§ **Input data**:
┌──

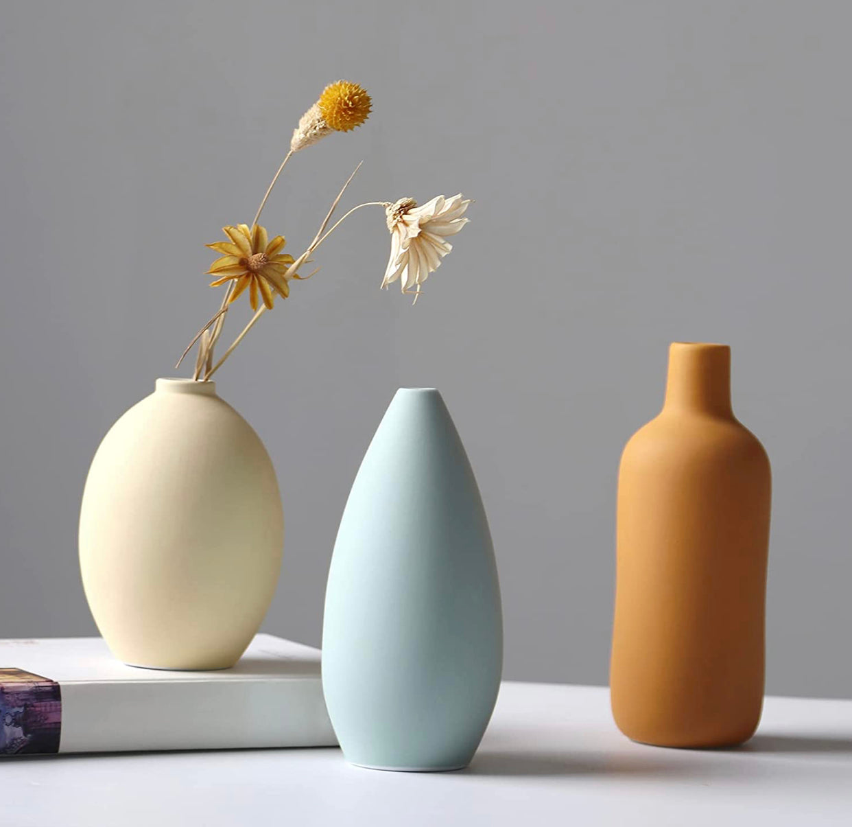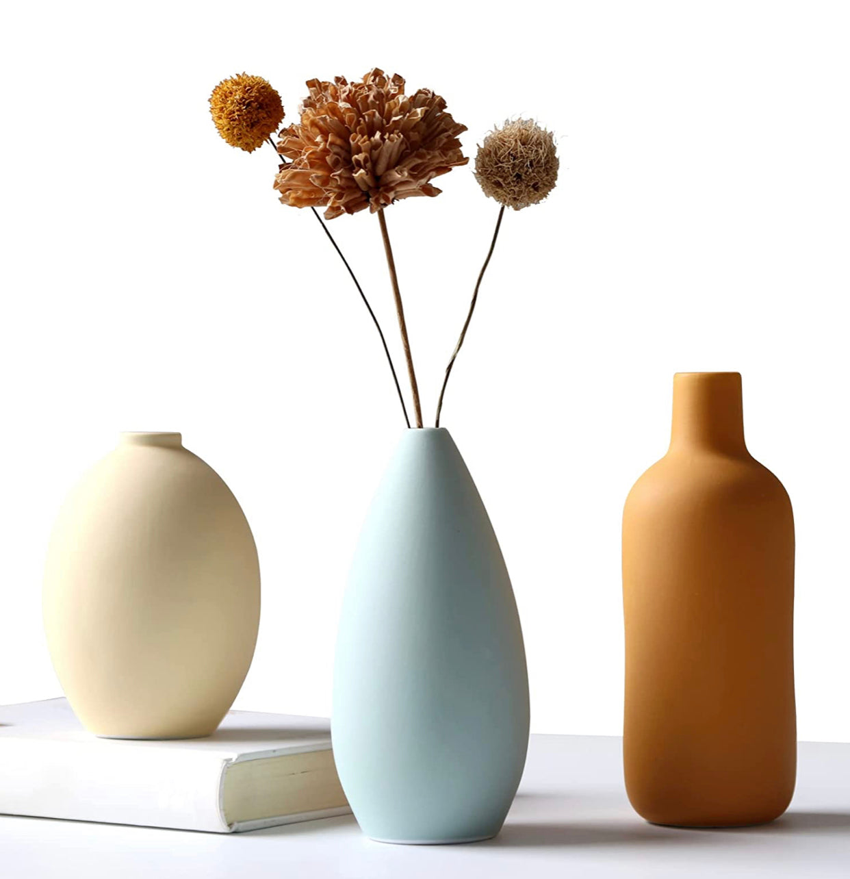 Ceramic Vase Set of 3, Small Flower Vases for Rustic Home Decor
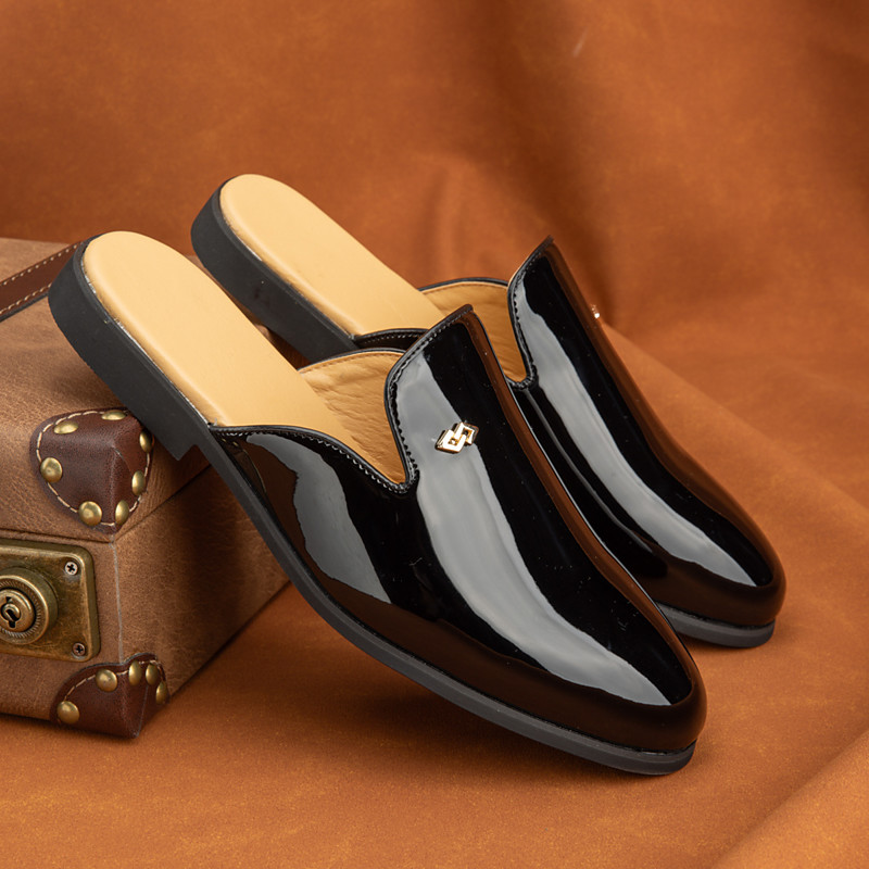 Men's Black Patent Slip-On Shoes, Elegant Formal Shoes for Weddings and Business, Comfortable and Stylish Dress Footwear for Grooms, Groomsmen and Formal Events
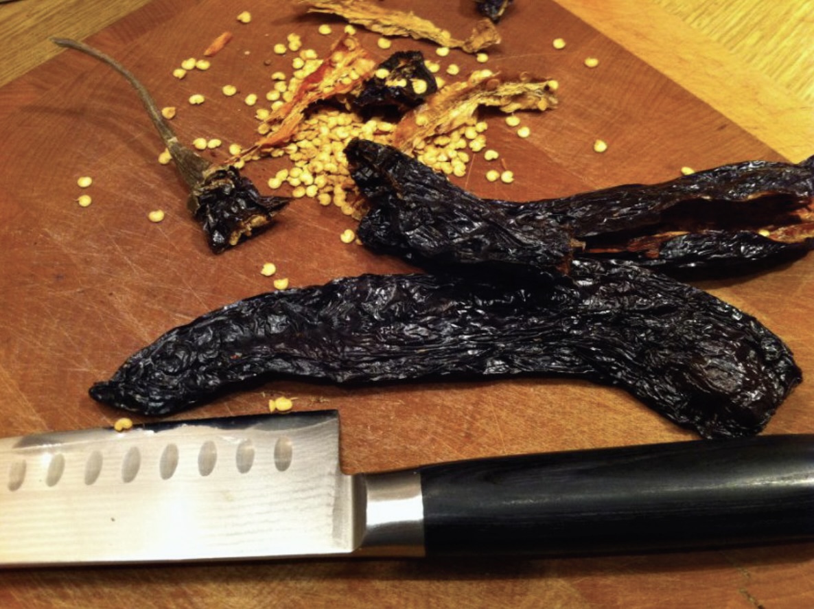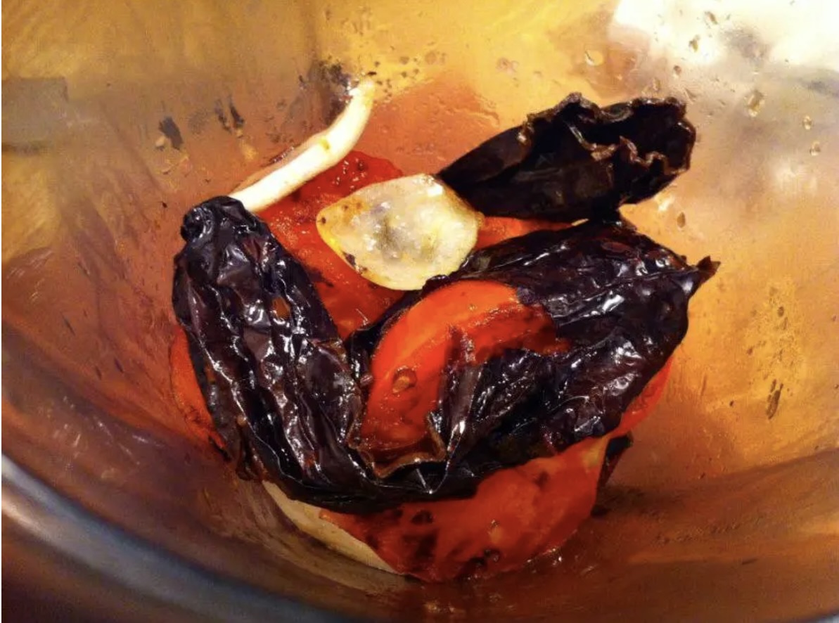 Warzywa: 2-3 suszone papryczki pasilla, 2-3 pomidory, 1 mała cebula (lub pół większej), 2-4 ząbki czosnku.

└──

§ **Try it**: Your task is to repeat the material above exactly, without its pictures.

§ **Result for this task**:
 Ceramic Vase Set of 3, Small Flower Vases for Rustic Home Decor
 Men's Black Patent Slip-On Shoes, Elegant Formal Shoes for Weddings and Business, Comfortable and Stylish Dress Footwear for Grooms, Groomsmen and Formal Events
 Warzywa: 2-3 suszone papryczki pasilla, 2-3 pomidory, 1 mała cebula (lub pół większej), 2-4 ząbki czosnku.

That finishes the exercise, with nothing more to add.